Dropping the N-Bomb

The trouble with automatic translations is that sometimes you end up with the wrong word. Oops! An honest mistake, and easy enough to fix. It’s not like it was deliberate.

I remember clearly when I learned the n-word. I was a precocious reader and I’d grabbed Huckleberry Finn way before I was old enough to understand it. I must have been about eleven or twelve. I didn’t know what it meant, and I didn’t know it was a bad word. I told my mom about the plot and the characters, and described them as they’d been described in the book. She set me straight pretty quick. I also learned the word “derogatory” that day.

This is similar to the story of how I learned to pronounce the word “genre” — I’d only ever seen it written down, so I just guessed at how to say it. I would have been in junior high, I guess… right in the middle of my science-fiction obsession. I think I pronounced it jenn-air, like the appliances. In front of my parents and a dinner party of their friends. Everyone laughed. I still feel a twinge of sympathy when people mispronounce that word, although it doesn’t stop me from laughing at them.

Unenviable Jobs

On rainy Mondays, people are tempted to resent having to go to work. Especially when it’s a rainy holiday Monday, and you have to work anyway. If you’re one of those people, consider this fact: your job could be to retrieve semen from an elephant. Now, doesn’t that cozy desk seem a lot more inviting? Here’s the video, which I think is a BBC special on zoo veterinarians.

I AM THE KING OF IRONIC MUSTACHES

John Fleck pointed out that I shouldn’t argue when people use the word “ironic” to mean “sarcastic or campy,” since language changes over time, and the word is evolving to mean what people use it to mean.

That’s probably true. I understand that Daniel Webster’s wife once caught him screwing the maid, and said she was surprised at his behavior. His response was, pedantically, “No: I am surprised, you are merely astonished.” Nowadays, astonished and surprised mean the same thing, but at the time, surprise was strictly about catching someone unawares, whereas astonishment indicated … anyway.

The point is, this website is now the #1 result for Google searches for “Ironic Mustache.”

Notes on the Ironic Mustache

Gethen pointed me to a little throwaway line in Go Fug Yourself, making fun of young men with “ironic” facial hair, and it occurred to me that, since I’ve finally gotten rid of the ‘stache I had for nearly two years, I am in the position to explain the appeal of that mustache, and the reasons that people might get rid of them.
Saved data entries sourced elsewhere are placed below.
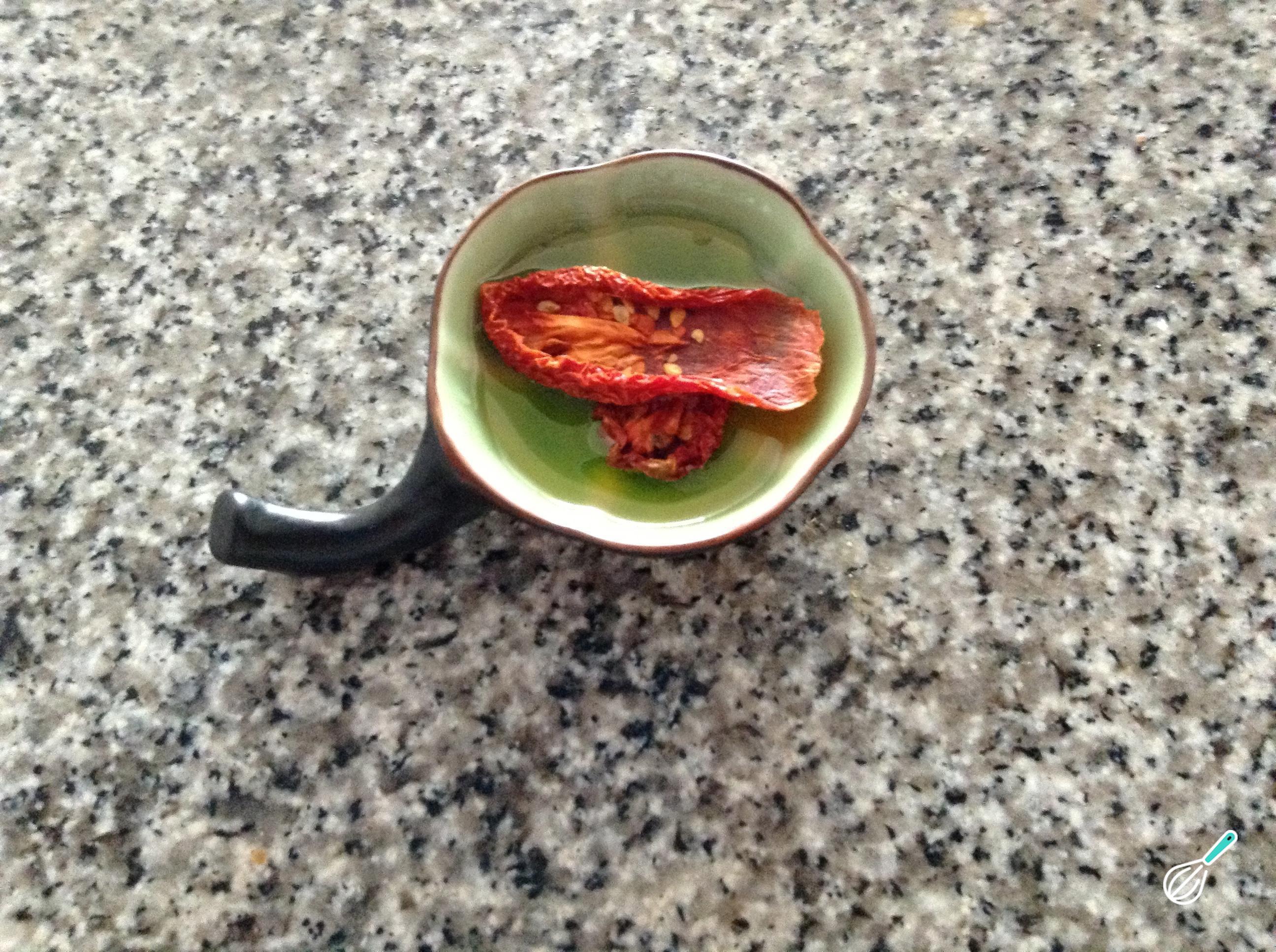 Em uma taça funda, hidrate os tomates secos com o azeite. O ideal é deixá-los aproximadamente 1 hora, para que hidratem bem.
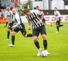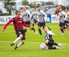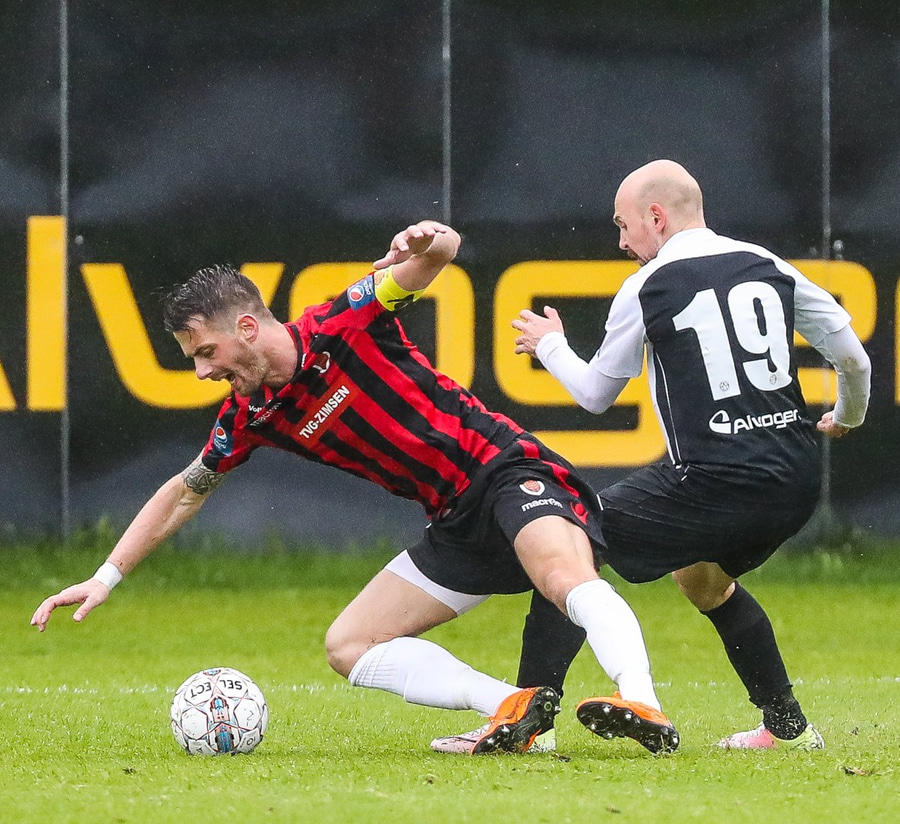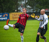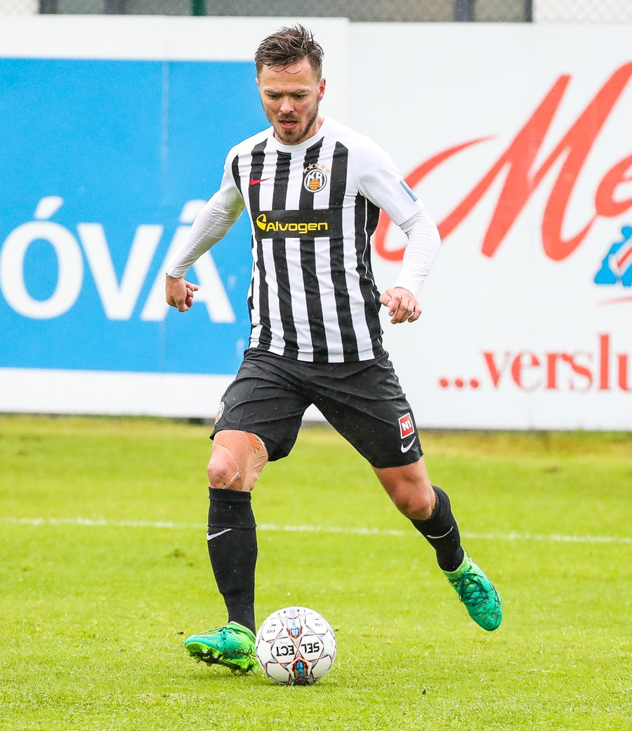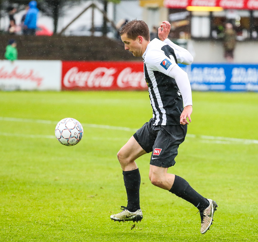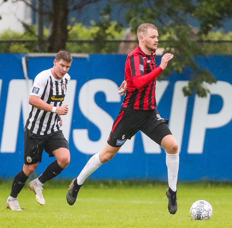 Tók 20 sekúndur að fá fyrstu tæklinguna á rennblautum vellinum, Finnur Orri hendir sér í eina góða og tekur niður Alex Frey á miðjum vellinum.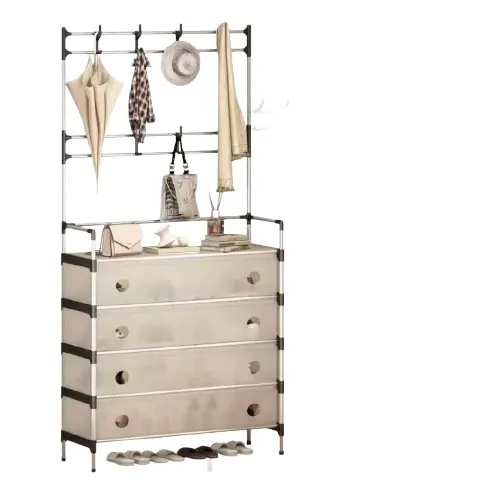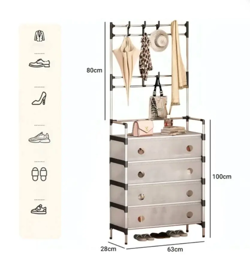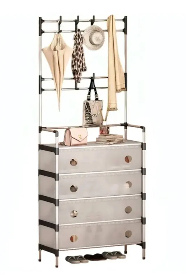 Parte Superior (Perchero y Estantería): Cuenta con barras horizontales que sirven como percheros para colgar abrigos, bufandas, sombreros o ropa recién planchada. La barra superior más alta también se utiliza para colgar artículos más largos, y suele incluir ganchos laterales o frontales para bolsos y accesorios. La superficie plana justo encima de los cajones puede servir como un estante para colocar objetos decorativos, libros, perfumes o un cuenco para llaves.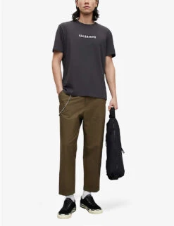 - Relaxed-fit, low-rise, structured waistband, branded button at front, two slip pockets at front with one coin pocket, two patch pockets at back

I grew that mustache because it was easier than shaving, because it was softer than stubble, because it was fun to pet, because in very cold weather it was capable of supporting amusing icicles, because it created vertical lines that made my face look longer and thinner, because it made me look tough and dashing, and to a certain extent because it was silly.

But I did not grow it for irony. In fact, there is no such thing as an ironic mustache. Perhaps when people say “ironic mustache” they mean “kitschy” or “campy” mustache; Wikipedia points out that “‘irony’ as popularly used during the 1990s referred to an aesthetic equated with a fondness for kitsch.” But that’s a misuse of the term “irony.” It might be a sarcastic or camp mustache, grown to mock all mustaches and people who wear them, but it’s not ironic.
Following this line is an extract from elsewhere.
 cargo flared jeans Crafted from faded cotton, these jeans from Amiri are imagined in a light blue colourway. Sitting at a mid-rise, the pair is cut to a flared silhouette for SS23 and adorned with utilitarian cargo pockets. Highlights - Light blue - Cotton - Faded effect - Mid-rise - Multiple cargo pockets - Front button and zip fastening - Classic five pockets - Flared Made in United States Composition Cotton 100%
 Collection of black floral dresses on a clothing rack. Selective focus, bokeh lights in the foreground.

I did not shave that mustache off because it was ironic. I shaved it off because I grew tired of trimming it, and because I look younger, if rounder-faced, without it. I was also concerned that people would remember the mustache rather than anything else about me. I don’t want to meet people and be remembered as “the guy with the mustache.” I want them to overlook my appearance and focus on my inner qualities, or better still, think that my clean-shaven, youthful face implies that I am honest and trustworthy. Ideally, I want to look as much as possible like the people I am trying to impress, so that they will think I am as wonderful as they think themselves to be. Then, when they’re not looking, I’ll be able to steal their identities and wallets. It would be the perfect unironic crime.